Дед прикрыл ладонью рот. Он никогда не заливался смехом. Только прикрывал ладонью рот и нос, а поверх ладони смотрел хитрый, с искрой, глаз.
— Гля-ди-и, Александр, — протянул он.
— Грех вам, — даже стала более красивой от застенчивости женщина. — Князюшка от чистого сердца.
— Да я не к тому, — шутливо оправдывался князь. — Я просто к тому, что... Ну зачем к такому платью кружева?.. Александр, на кого она в нем похожа?
Алесь посмотрел. Платье было очень приятным, из тонкого шелка, пестренькое, серо-голубое, в мелкий-мелкий частый горошек. И вся хозяйка платья была в нем такая по-осеннему грациозная, кругловатая.
— На курочку-цесарку, — не колеблясь, ответил он.
— Ну, Александр, — обиделся дед, — оскорбил ты меня.
— А почему? — спокойно спросил Алесь. — Такая серенькая, в крапинку. А головка маленькая, красивая. Ходит себе, кокочет благозвучно... Очень красивая.
У женщины румянцем залилось лицо, а улыбка открыла ровные красивые зубы. И вдруг она засмеялась.
— Князюшка, голубчик мой, утешил. Такой шутник! А вы, пан Данила, плохо приняли хлопчика... Таскали столько голодного... Да он ведь исхудает!
— Успокойся, — глухо сквозь ладонь попросил князь. — Все хорошо. И между собою вы пришли к согласию. А мне это приятно.

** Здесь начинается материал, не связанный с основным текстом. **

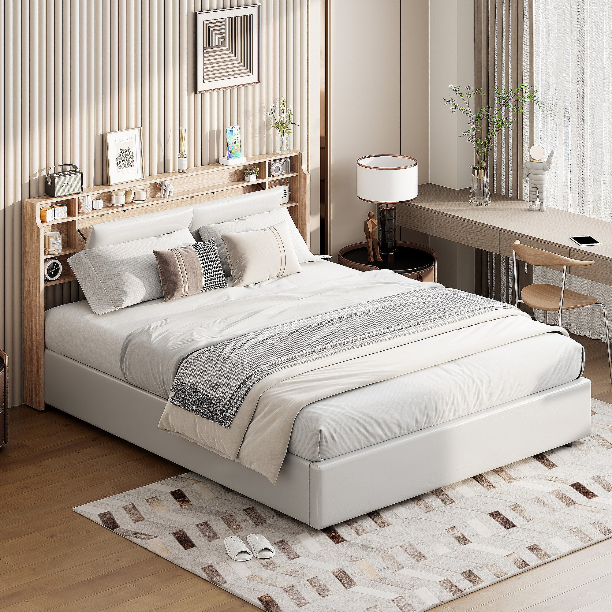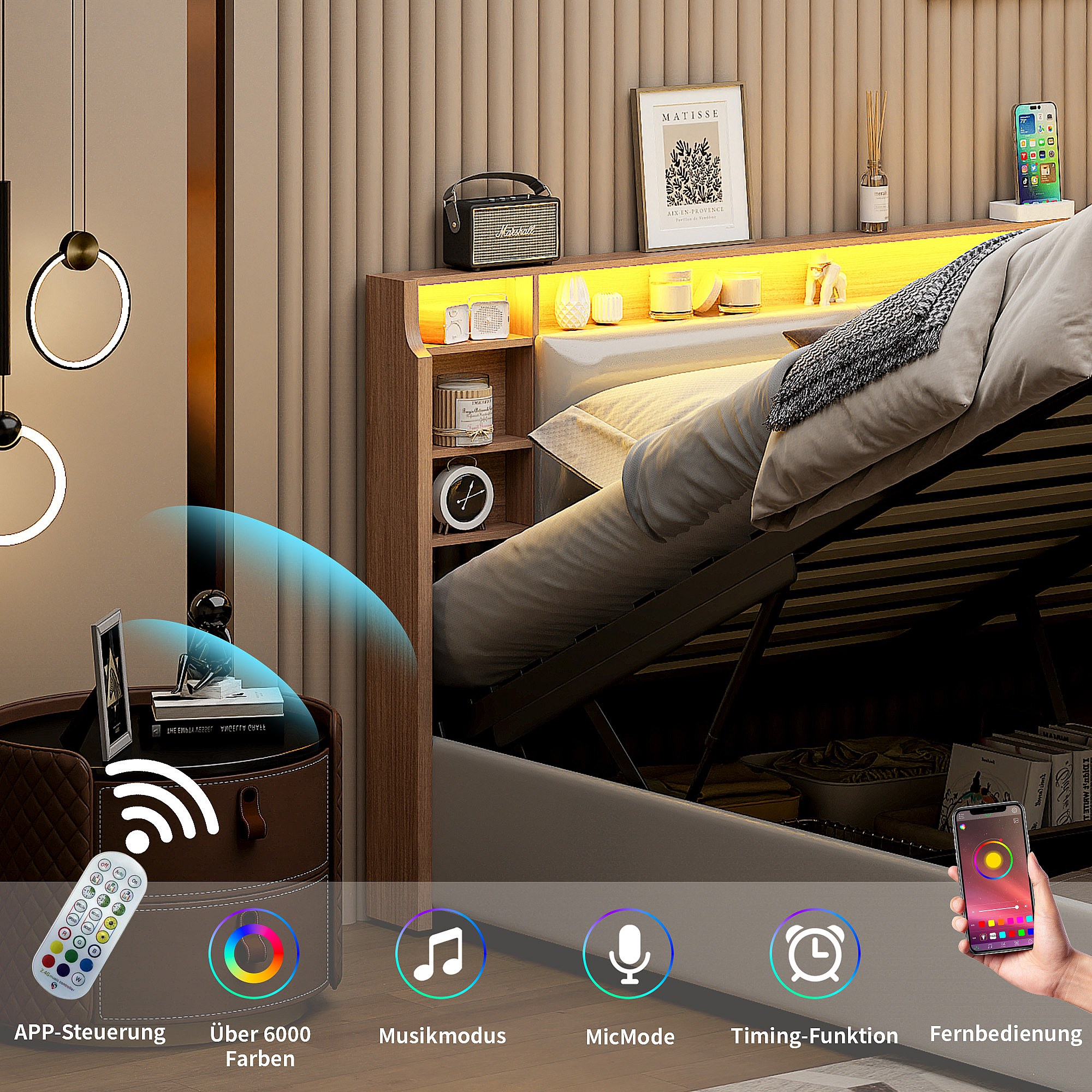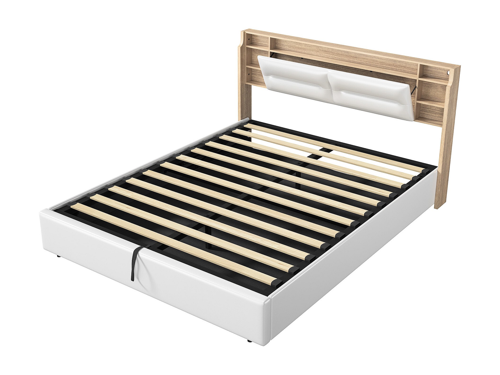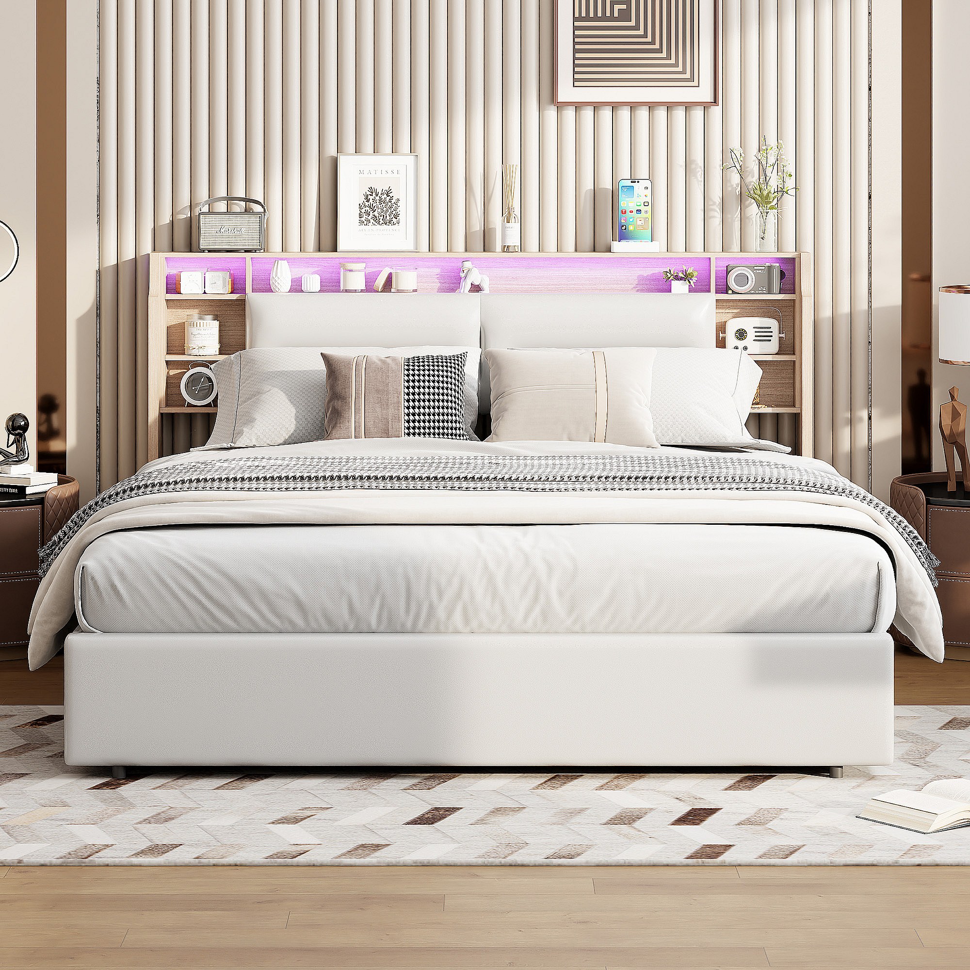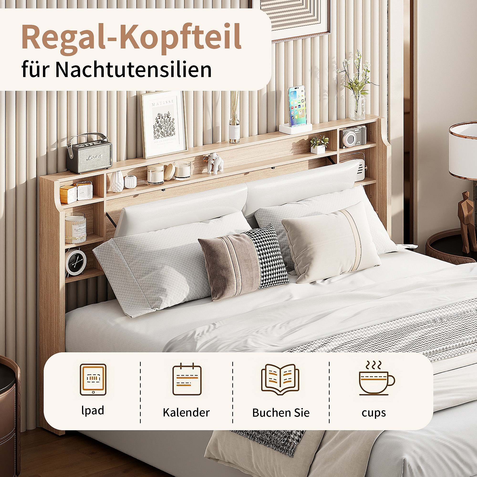 Polsterbett 140x200cm Doppelbett mit LED, Stauraumbett, Funktionsbett in Kunstleder, weiß

— Приятно, — согласилась она. — Только обидно мне, свет мой, что люди рявкают друг на друга как Махмуды какие-то, не на ночь глядя вспомнить. Князюшка хороший. Он к вам с уважением. Уток привез, старался, потопнуть мог в ситниках этих, Богом забытых.
— А я и не говорил, что плохой.
— Без надобности мне эти кружева, — продолжала она. — Ничего мне не надо, кроме здоровья вашего, свет мой, кроме того, чтоб жили да радовали небо и меня.
— Ну, небу уж от меня радость!
— Радость, — просто возразила она. — В ком жизни больше, от того и радость...
— Ладно, ладно, — опустив веки, согласился старый князь. — Я ведь знаю Все знаю. Ты не гляди, что я шучу. Ты красивая мне и хорошая.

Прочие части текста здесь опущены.